Analysis and Maximization of Throughput Guarantees Offered in Wireless Networks

Abstract

The field of wireless communications has experienced huge growth in the last decades. Various new user applications have been developed, and the demand for efficient utilization of resources has increased considerably. Opportunistic scheduling schemes can provide higher throughput and increased quality-of-service (QoS) in wireless networks by giving priority to the users with favorable channel conditions.

In this dissertation, one of the main goals is to exploit the channel variations of the user channels to design the scheduling algorithms for improved throughput guarantees. Optimization problems are formulated with an aim at finding optimal scheduling algorithms for maximizing throughput guarantees in a wireless network. We show how the solution to such problems can be obtained both when the throughput guarantees are (i) identical and (ii) different for all the mobile users. We also develop the corresponding adaptive scheduling algorithms, both for the scenarios where single user is scheduled per time-slot and where multiple users are selected in each time-slot (e.g. in MIMO systems). The real-world systems based on MobileWiMAX, HSDPA, WINNER I and LTE are considered to analyze the proposed scheduling schemes. Results from simulations show that these algorithms can improve the throughput guarantees in modern cellular networks compared to other well-known scheduling algorithms. Another goal is to analyze the performance loss of such scheduling schemes in the case of imperfect channel information at the base station. We also suggest a rate back-off mechanism to reduce the outage probability in that case. Furthermore, we also propose an approximate expression for the throughput guarantee violation probability to analyze the performance of opportunistic scheduling algorithms without conducting experimental investigations. Such an expression can be very useful for the network providers.

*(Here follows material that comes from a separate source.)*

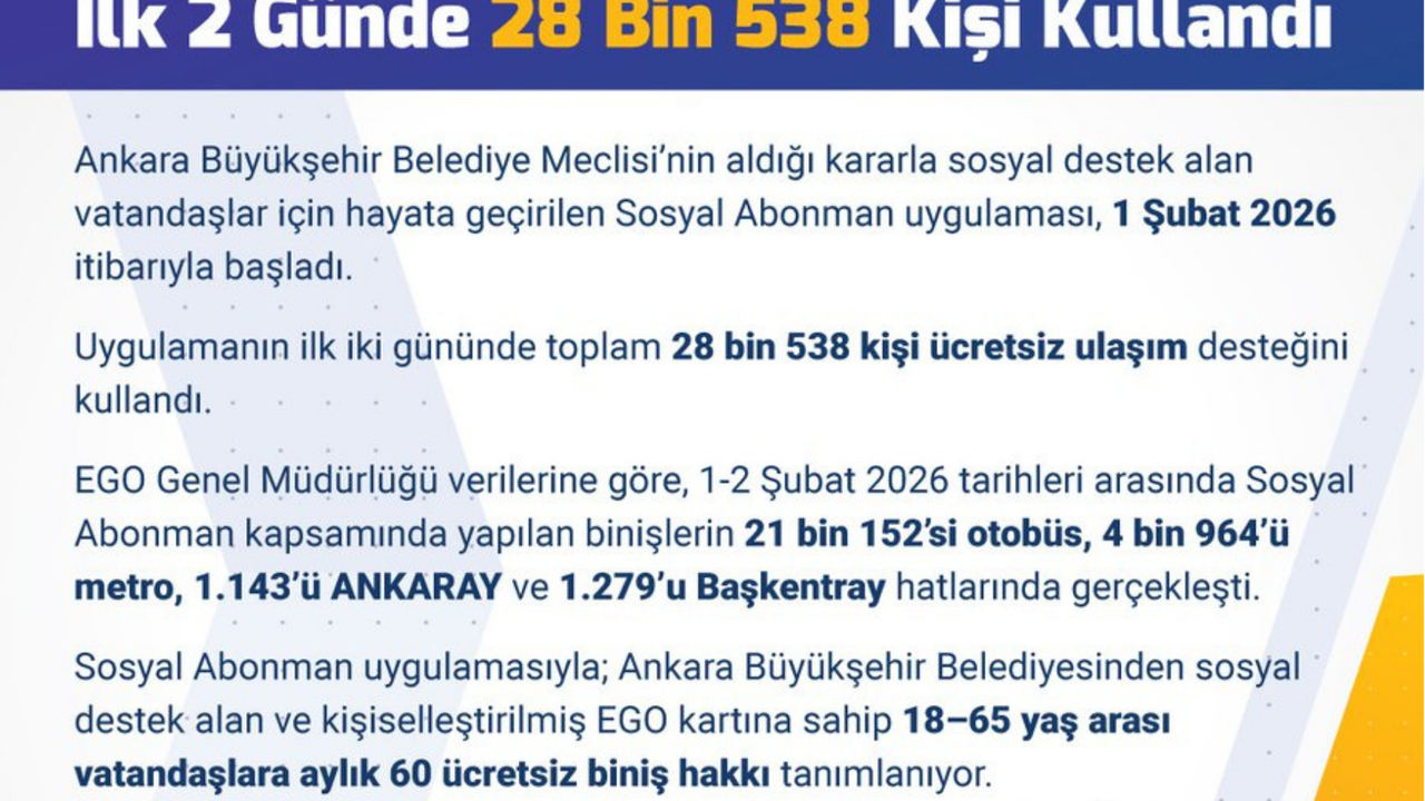 Açıklanan verilere göre, 1-2 Şubat 2026 tarihleri arasında toplam 28 bin 538 kişi Sosyal Abonman kapsamında ücretsiz ulaşım hakkını kullandı.
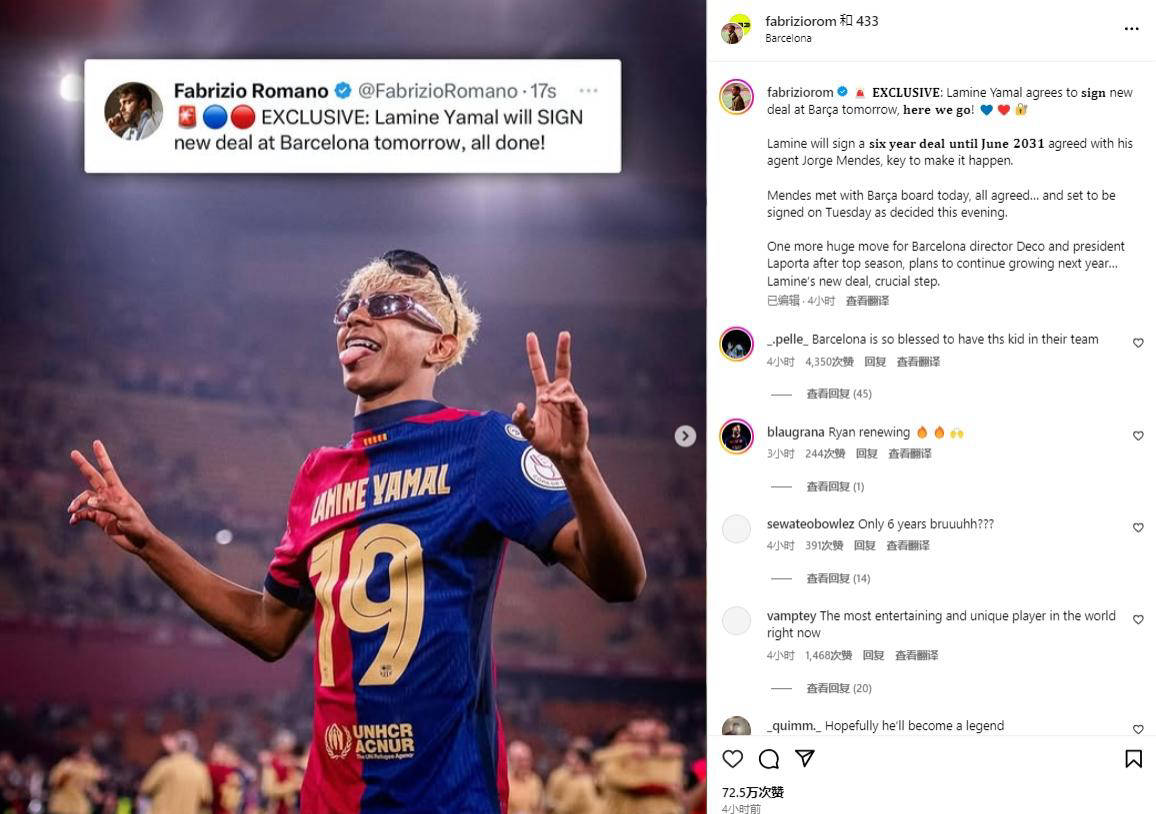 经知名转会专家罗马诺的报道,巴萨即将与亚马尔完成续约至2031年的协议。这标志着亚马尔将成为巴萨未来重要的一环,巴萨管理层决定续约他们相信是俱乐部未来发展的关键一步。

Most of the research in joint bandwidth and power allocation for wireless multi-user networks has focused on continuous rate, power, and bandwidth allocations in the presence of perfect channel knowledge. However, this is not the case with practical systems. In this dissertation, we therefore also consider the issue of discrete power and bandwidth allocation for discrete-rate multi-user link adaptation with imperfect channel state information. To be more specific, we discuss how the system can be designed in such a scenario for (i) sum rate maximization and (ii) average power minimization in a multi-user setting. The results show that with only a few codes, we can approach the performance of systems that employ continuous (infinitely many) rates. We have also found that the correlation between predicted and actual values of the fading envelope affects the system in the sense that the sum rate is reduced and average power consumption is increased as the correlation is reduced.